Unlike traditional GDDR memory, HBM3 uses a complex 2.5D packaging design and requires specialized interposers and advanced packaging techniques. Most importantly, HBM3 presents significant thermal management challenges, because the dense stacking makes it difficult to dissipate heat and, while HBM3 is energy efficient per bit transferred, its high bandwidth capabilities mean the overall power draw can be very high.
There is a reason few AI silicon companies use it, outside of the very largest chip makers who have hundreds of engineers they can assign to address these challenges.
Nevertheless, HBM3 was the right choice for RNGD, FuriosaAI’s second-gen chip. RNGD (pronounced “Renegade”) is built specifically for inference with high performance LLMs and multimodal models. This means RNGD needs tremendous memory bandwidth that only HBM can provide.
Now that RNGD is in production and our early access partners have begun sampling the chip, Furiosa’s hardware engineering leads sat down together to discuss how we implemented HBM3 and what we’ve learned about building AI hardware that delivers the “trifecta” of performance, programmability and power efficiency that the industry needs.
This roundtable features Furiosa CTO Hanjoon Kim, who has a background in both hardware and software engineering and previously worked for Samsung; VP of Hardware and Engineering Lead for Chip Packaging Sang Min Lee, who previously worked for Qualcomm as a Senior Staff Engineer; and Furiosa Engineering Lead for SoC Interfaces Chang Jae Park, who joined Furiosa after working as a Research Fellow and Senior Engineer at SK hynix and as a Principal Engineer at Samsung.
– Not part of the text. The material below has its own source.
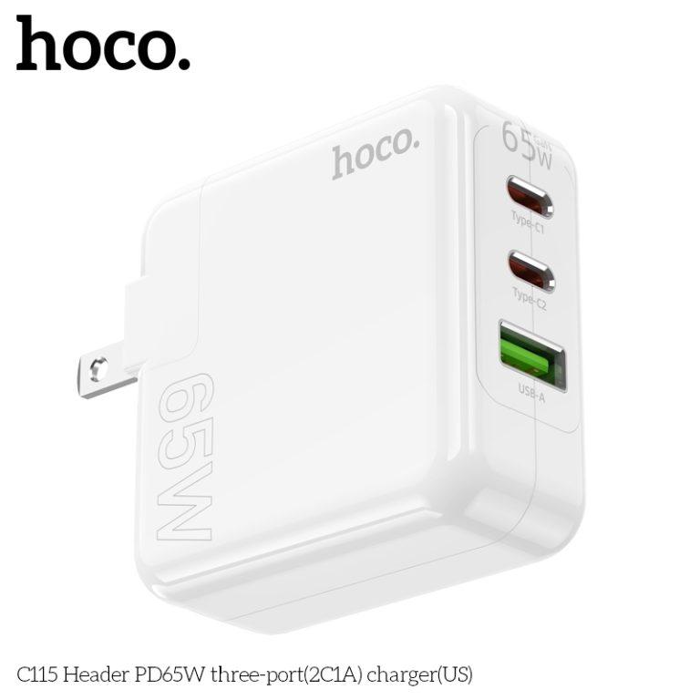 SẠC NHANH ĐA NĂNG: Hoco C115 65W với 2USB + 1 Type-C, công nghệ PD/PPS/QC/FCP/AFC giúp sạc iPhone, Samsung, Xiaomi, Tablet nhanh chóng, tiết kiệm thời gian, phù hợp mọi gia đình và văn phòng.

How critical was HBM3 in achieving our performance targets for RNGD? What specific benefits does HBM3 provide to enhance RNGD's capabilities?
Hanjoon Kim, Furiosa CTO: HBM3 is one of the key factors that most directly impacts the performance goals of RNGD, because the chip is designed for LLMs and multimodal models. Because these types of models are so big, memory bandwidth is a bottleneck.
In LLMs, every time a token is generated, all model parameters must be read from memory once, and since the size of the model parameters is large, the token generation speed is determined by memory bandwidth.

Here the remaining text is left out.